Будет что известно, сообщите...
У меня там
Мама и сестра...
Ю. Воронов
* * *
…Наступит день, и, радуясь, спеша,
еще печальных не убрав развалин,
мы будем так наш город украшать,
как люди никогда не украшали.
И вот тогда на самом стройном зданье
лицом к восходу солнца самого
поставим мраморное изваянье
простого труженика ПВО.
Пускай стоит, всегда зарей объятый,
так, как стоял, держа неравный бой:
с закинутою к небу головой,
с единственным оружием — лопатой.
О. Берггольц
Комсомольцы бытовых отрядов
Бывает так:
Когда ложишься спать,
Тревожишься за завтрашнее дело,
А по утру
От слабости не встать,
Как будто к простыне примерзло тело.
А рядом —
Ни соседей, ни родни.
И ты лежишь,
В спасение не веря.
И вот тогда
К тебе придут они,
Взломав не без труда
Входные двери.
И ты отдашь им карточку на хлеб,
Ещё боясь,
Что могут не вернуться.
Потом поймёшь,
Что был ты к людям слеп,
И губы
Виновато улыбнутся.
А в печке затрещит разбитый стул,
И кто-то — за водой, с ведром на санках.
И кто-то ночью,
Словно на посту,
Подбросит щепок в дымную времянку.
Они добром и словом врачевали,
Бойцы — из бытотрядов над Невой.
Ведро воды — а люди вновь вставали!..
Пусть говорят, что нет воды живой!
Ю. Воронов
* * *
Сегодня немцы не бомбят,
И ночь
Пожаром не дымит,
А у измученных ребят
В глазах
От слабости рябит.
Они сегодня обошли
Четыре дома —
Сто квартир...
В больницы — те,
Кого нашли,
и заболевший командир.
«Встать снова
Трудно тем, кто слег, —
Усталый врач бормочет нам. —
Не понимаю,
Как он мог
Ходить сегодня
По домам...»
Ю. Воронов
Клюква
Нас шатает,
Была работа:
Все на корточках —
По болоту.
Только вечером,
Перед сном,
В детском доме
Больным ребятам
Клюкву выдали.
Спецпайком.
По семнадцати штук
На брата.
Ю. Воронов
* * *
Это всё час назад называлось домом.
Я стою средь камней и ворочаю ломом.
Там живые нас ждут, им нельзя не дождаться.
Там в завале родные, друзья, ленинградцы.

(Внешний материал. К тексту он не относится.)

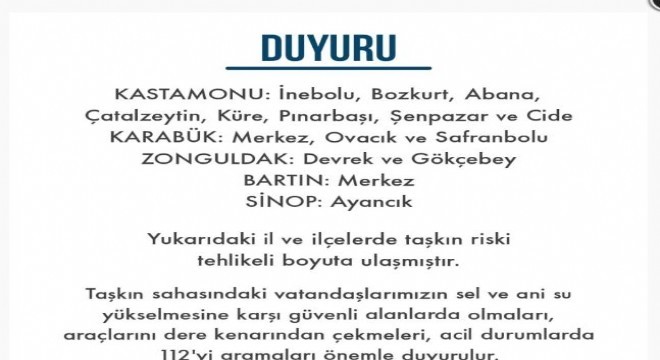 Meteoroloji Genel Müdürlüğünden alınan bilgilere göre, Batı Karadeniz’de halen yerel kuvvetli olarak devam eden sağanak yağışların; Pazar gece saatlerinden itibaren etkisini artırarak, 27 Haziran Pazartesi günü 23.59’a kadar, Batı Karadeniz genelinde çok kuvvetli, Karabük, Zonguldak, Düzce ve Kastamonu çevreleri ile Sinop’un iç ve batısında yer yer şiddetli, Bartın çevreleri, Kastamonu’nun kuzeyi, Karabük’ün kuzey ve batısı, Sinop’un batısı, Zonguldak’ın iç kesimleri ile Düzce’nin batısında yer yer aşırı olacağı öğrenildi. AFAD, bu yağışların sonucunda meydana gelebilecek ani sel, su baskını, heyelan, yağış anında kuvvetli rüzgar ve ulaşımda aksamalar gibi olumsuzluklara karşı dikkatli ve tedbirli olunması konusunda vatandaşlara uyarıda bulundu.
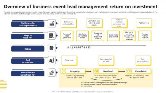 The slide showcases the return on investment overview of an event management company. It assists in evaluating the net value an event marketer gets from an event and the net cost that goes into producing that event. The elements are challenges for tracking event ROI, ways to track ROI, rating, cost to consider, software, etc. Showcasing this set of slides titled Overview Of Business Event Lead Management Return On Investment Summary Pdf The topics addressed in these templates are Challenges For Tracking, Cost To Consider, Software Helps Track All the content presented in this PPT design is completely editable. Download it and make adjustments in color, background, font etc. as per your unique business setting. The slide showcases the return on investment overview of an event management company. It assists in evaluating the net value an event marketer gets from an event and the net cost that goes into producing that event. The elements are challenges for tracking event ROI, ways to track ROI, rating, cost to consider, software, etc.
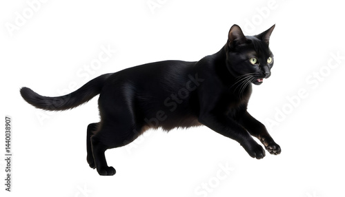 Black cat in various poses isolated on a white background, showcasing playful and relaxed expressions.

В рукавице дыра, жжет железо до боли.
На ладонях, набухнув, мешают мозоли.
Там живые нас слышат, ведь мы уже близко.
Чьи-то книги, разбитая чашка, записка.
И косыночка белая залита кровью…
Помоги же мне, ненависть вместе с любовью!
А. Андреев
Защитница города ленинской славы
«…в паспорте, смоченном кровью, значилось,
что она — Мария Петровна Назарова, 57 лет,
уроженка г. Рязани, проживающая в Ленинграде».
Из фронтовых записей
На вахте, на Охте, где свалены бревна,
То ахнет, то охнет Марья Петровна.
Вот грохнула бомба… за нею — другая.
Ох, только не в дом бы, — в Неву бы, туда ей!

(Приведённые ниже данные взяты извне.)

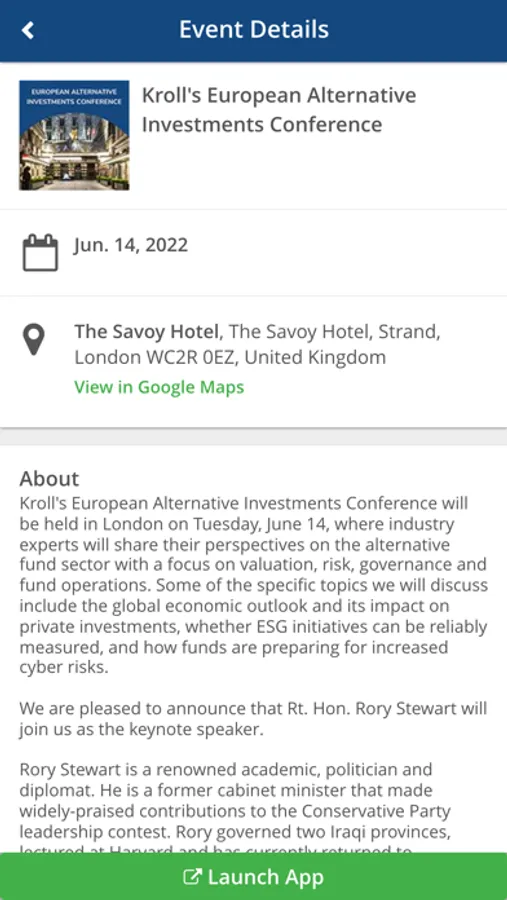 This is the official mobile app for Kroll Events. It will provide you with the latest updates about our upcoming events, keeping you informed and connected.

Туда ей дорога, — ни дна, ни покрышки…
Ах, что ж не играют тревогу на вышке!
Ни сна, ни покоя всему Ленинграду, —
Всё воют и воют, и рвутся снаряды.
То ухнет далёко, то трахнет у будки,
То тухнет в руках огонек самокрутки.
То вдруг багровеют сугробы на крышах…
Ах, чтобы хоть дворник зачем-нибудь вышел!
Ведь страшно и жутко прозябшей старушке;
Проклятые, бьют как немецкие пушки!
Но Марья Петровна жильцам не изменит!
Поста не оставит, покамест не сменят.
Стоять не беда бы, коль нету работы;
Вот только бы дали ей тёплые боты…
Ещё б рукавицы… А шубу — не надо.
Быть может, не долго продлится блокада.
Но что там такое? О, господи, боже!
Стрельбой забавляются двое прохожих…
Да только взлетают из их пистолетов
Лучистые звезды зелёного цвета.
Взовьется одна, а рассыплется — много…
Ой, Марья Петровна, тревога, тревога!
Недоброе дело — стрельба не забава:
Ползучих врагов проглядела застава.
И Марья Петровна стучит что есть силы
«Тревогу» в чугунное гулкое било.
Так бей же, Петровна, сильнее, проворней!..
Но вот перед нею с лопатою дворник.
Полночный старатель из нашего дома:
— Кондратий, Кондратий, на помощь, на помощь!
Ах! брызнули искры, как в кузнице, в горне…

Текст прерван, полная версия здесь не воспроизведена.